The Bangla word 'jumia' (often written as 'jhumia', particularly in English discourses), refers to cultivators engaged in a special form of hillside agriculture, while in the Chakma language – spoken by the Chakma people of Bangladesh's Chittagong Hill Tracts (CHT) and adjacent areas such as India's Tripura and Mizoram states – the word 'jumma' denotes an ethnic category. Both words derive from 'jum' (also written as 'jhum'), which is a vernacular term found in several related languages like Bangla, Assamese and Chakma, that refers to the aforementioned system of hillside agriculture, commonly known as 'shifting cultivation', which is practiced widely in the CHT, the Northeast of India and beyond. Historically, jum in the CHT was typically oriented towards subsistence, with some local varieties of dry rice as the main crops, which were invariably grown as part of a poly-cropping system that included other products such as vegetables, spices, flowers, cotton and sesame, with the last two items having been the main cash crops in the past.
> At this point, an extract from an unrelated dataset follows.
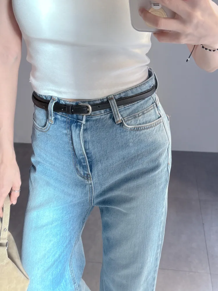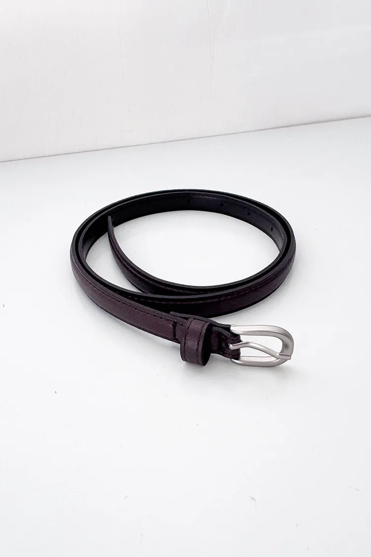 [特點] 真牛皮材質,細版的皮帶設計,有七個孔洞可以調整。

Jum also involved a rotational cycle of keeping used fields fallow, allowing natural regeneration of the land.
In the CHT, the nature, extent and context of jum underwent significant transformation in recent history, particularly since the 1960s. Over approximately the past fifty years, the feasibility and relative economic importance of jum declined quite sharply. However, despite this material decline, or perhaps because of it, jum and the jumia way of life acquired new symbolic significances among former jumias. Most remarkably, jum served as the linguistic and cultural foundation of a newly constructed identity, named Jumma, which emerged in the 1970s as a collective designation for the indigenous ethnic groups ('hill people') of the CHT. The original, literal meaning of the Chakma word 'jumma', like that of the related Bangla 'jumia', designated a jum cultivator. But in practice, Jumma acquired a whole new meaning, with clear political undertones as well as special cultural connotations, regardless of the current agricultural practices of the people it came to designate. Ethnically, its boundaries remained those of the older category of 'hill people', or 'Pahari' in Bangla, which had its roots in British colonial discourse.
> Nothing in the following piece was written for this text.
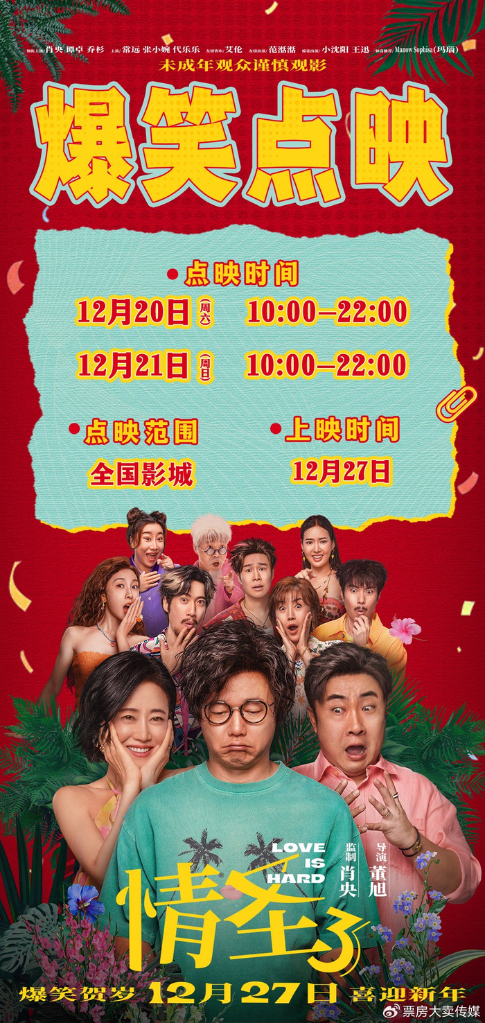 由肖央监制,董旭执导的爆笑喜剧电影《情圣3》今日官宣定档12月27日全国上映,并于12月20开启全国点映,同时也正式曝光定档预告与定档海报。影片由肖央、谭卓、乔杉领衔主演,常远、张小婉、代乐乐主演,艾伦友情客串,范湉湉友情出演,小沈阳、王迅惊喜出演,Manow Sophisa(玛瑙)惊喜推荐。电影《情圣3》讲述了结婚十五年的中年夫妻田绍基(肖央 饰)与邵美珍(谭卓 饰)感情即将“熄火”,阴差阳错下两人整活儿不断,花招不停,“爱情三十六计”轮番登场,一连串好戏接连上演,情场大战大爆笑!影片将于12月27日全国上映,12月20日开启全国点映,夫妻过招,笑闹开演!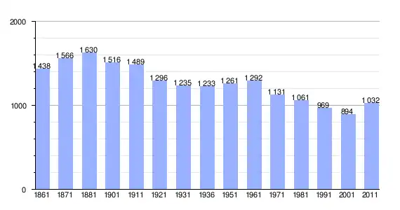 | Variação demográfica do município entre 1861 e 2011[3] |

Against the backdrop outlined above, this article looks at the multiple layers and dimensions of the relations between jum and Jumma identity in the CHT. First, in broad outline, I trace the course of the political economy of jum in the CHT over the last three centuries, particularly since the region was brought under British colonial rule in the latter half of the 18th century. Second, I examine how the emergence of identities like 'hill people' and Jumma entailed a shift in ethnic boundaries, and how cultural features associated with jum, including food crops and culinary traditions, became markers of Jumma identity. And third, I explore the extent to which the proponents of Jumma identity represent the interests and aspirations of contemporary jum cultivators. I conclude by arguing that re-examining received notions relating to agricultural systems and communities such as jum and jumias, which are usually marginalised in the history of Southasia, is central to reclaiming their past and present.
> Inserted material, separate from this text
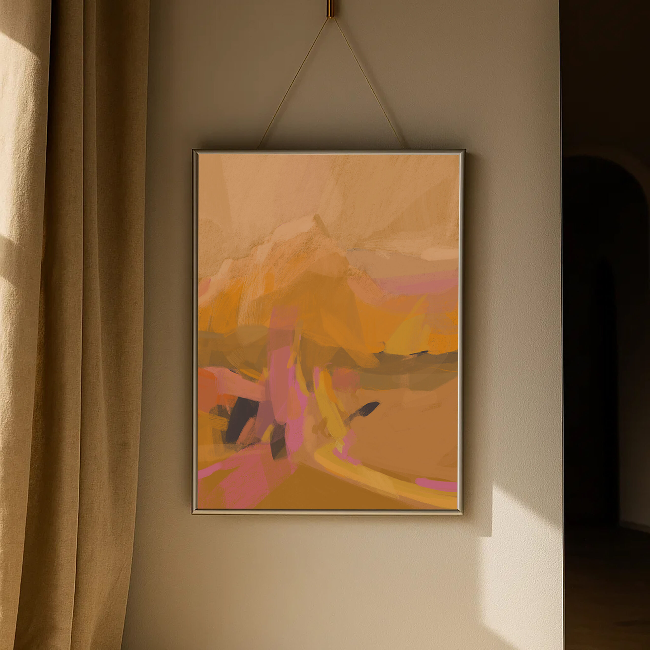 «Mürren Schweiz 17» – Abstrakt gemalte Berglandschaft inspiriert von Mürren in warmen Gold-, Orange- und Rosatönen. Verleiht jedem Raum eine elegante, alpine Wärme. Stilvolles Poster / Kunstdruck für Ihre Wanddeko in der Schweiz. Erhältlich in: 50×70, 30×40, 21×30, 13×18 cm.

From Mughal cotton-country to British rule
The East India Company, which took direct control of many parts of Bengal soon after the Battle of Plassey in 1757, started governing Chittagong in 1761. During the preceding period of Mughal rule (1666-1760), the hills bordering the coastal plains of Chittagong came to be known as Kapas Mahal, or 'cotton (growing) area', as noted in various secondary accounts. However, the equation of the present day CHT with the Kapas Mahal, which is now a common tendency, may not be fully accurate: the territory that the British named CHT, with clearly demarcated boundaries as a newly created district, came into existence only in 1860, whereas Kapas Mahal did not necessarily constitute a well-demarcated administrative area and may have included places that are outside the current boundaries of the CHT but within the boundaries of present day Chittagong District. Be that as it may, it is important to note that during or even before the period of Mughal rule in Chittagong, there was no direct rule by any state-level political authority in the adjoining hill tracts, although the kingdoms of Tripura and Arakan, not to mention the Mughals themselves, exerted varying degrees of influence at various times and places of the area that would later become the CHT. During the period of Mughal ascendancy in the region, semi-independent 'tribal' chiefs from the hill tracts paid tribute to Mughal authorities in the form of cotton grown in jum fields in exchange for the right to conduct trade and commerce with Mughal subjects living in the coastal plains. Under the East India Company, by 1791 this arrangement would soon take a more monetised form, thus rendering cotton tributes, and with it probably the name 'Kapas Mahal' as well, things of the past. In any case, it is possible that cotton's importance as a cash crop in the CHT decreased significantly as Bengal's textile industry declined and eventually collapsed under British rule, when newly imposed high tariffs and other barriers made it difficult for Indian textile products to enter the European markets.